The final phase of NGS data analysis is a clinical assessment to determine which variants should be reported and how they should be described in the laboratory report. There are some algorithms that optimize settings to predict deleterious variants located in clinically relevant genes and to filter out selected variants, such as those with a high population allele frequency. Similarly, existing database, such as ClinVar, COSMIC, ClinGen, protein predictors or Human Variome Project, are valuable tools for assessing the relevance of variants and for categorizing variants according to predicted functional impact (‘often benign’, ‘likely benign’, ‘uncertain significance’, ‘likely pathogenic’ or ‘pathogenic’).
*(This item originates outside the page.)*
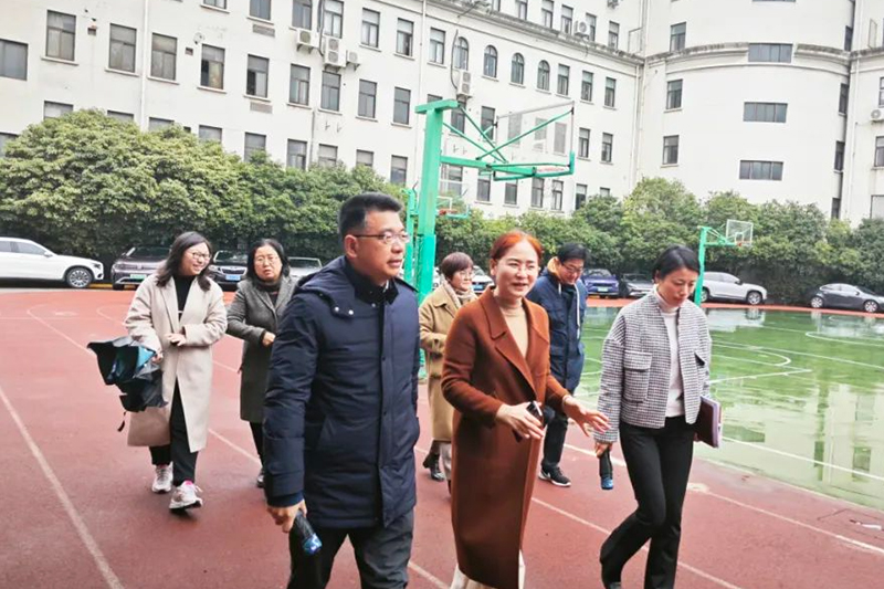 2024年2月22日下午,浦东新区教育工作党委毛力熊副书记、教育局组织人事处吴瑶处长来到我校调研开学准备工作,吕彩玲校长、李可锋书记、陆占萍副校长及中层干部陪同巡视。

Nonetheless, the interpretation of variants is a greater challenge because there is no standard format and a common understanding of variant data between laboratories. Therefore, collaborations and ongoing discussions among laboratory researchers, clinicians, manufacturers, bioinformatics, software developers and professional organizations are needed to ensure the quality of NGS tests and to guide clinical decision-making in myeloid malignancies.^24,26

Despite the potential to inform and guide clinical practice, NGS has some limitations. Although the costs for NGS have recently become more affordable, they remain be high. In addition, it can take one to three weeks to receive a finalized data report, which may be too long to affect an initial treatment decision for a patient with more aggressive disease. Regarding practical considerations, NGS are not standardized and there is still a lack of gold-standard pipelines for analysis, which can lead to poor reproducibility between laboratories, even for the same data sets. Thus, there is a need for collaboration to form larger data pools in order to improve the accuracy and efficacy in variant calling for prognostic and therapeutic signatures and to infer meaningful conclusions.^3,7 Moreover, though the ability of NGS to detect down to 1% VAF is an improvement from Sanger sequencing (threshold >20% VAF), interpreting VAF in a meaningful way requires context. Not all somatic gene mutations detected by NGS are guaranteed to be pathogenic mutations contributing to myeloid malignancy development and further studies are needed to establish a meaningful threshold for VAF sensitivity.³

Therefore, NGS has revolutionized genomic research and it is one of the most rising methodologies that will change the management of patients. However, it will be important to standardize sequencing and variant calling methods and continue to expand knowledge of the pathogenic and prognostic role of specific variants in order to improve the clinical utility of NGS.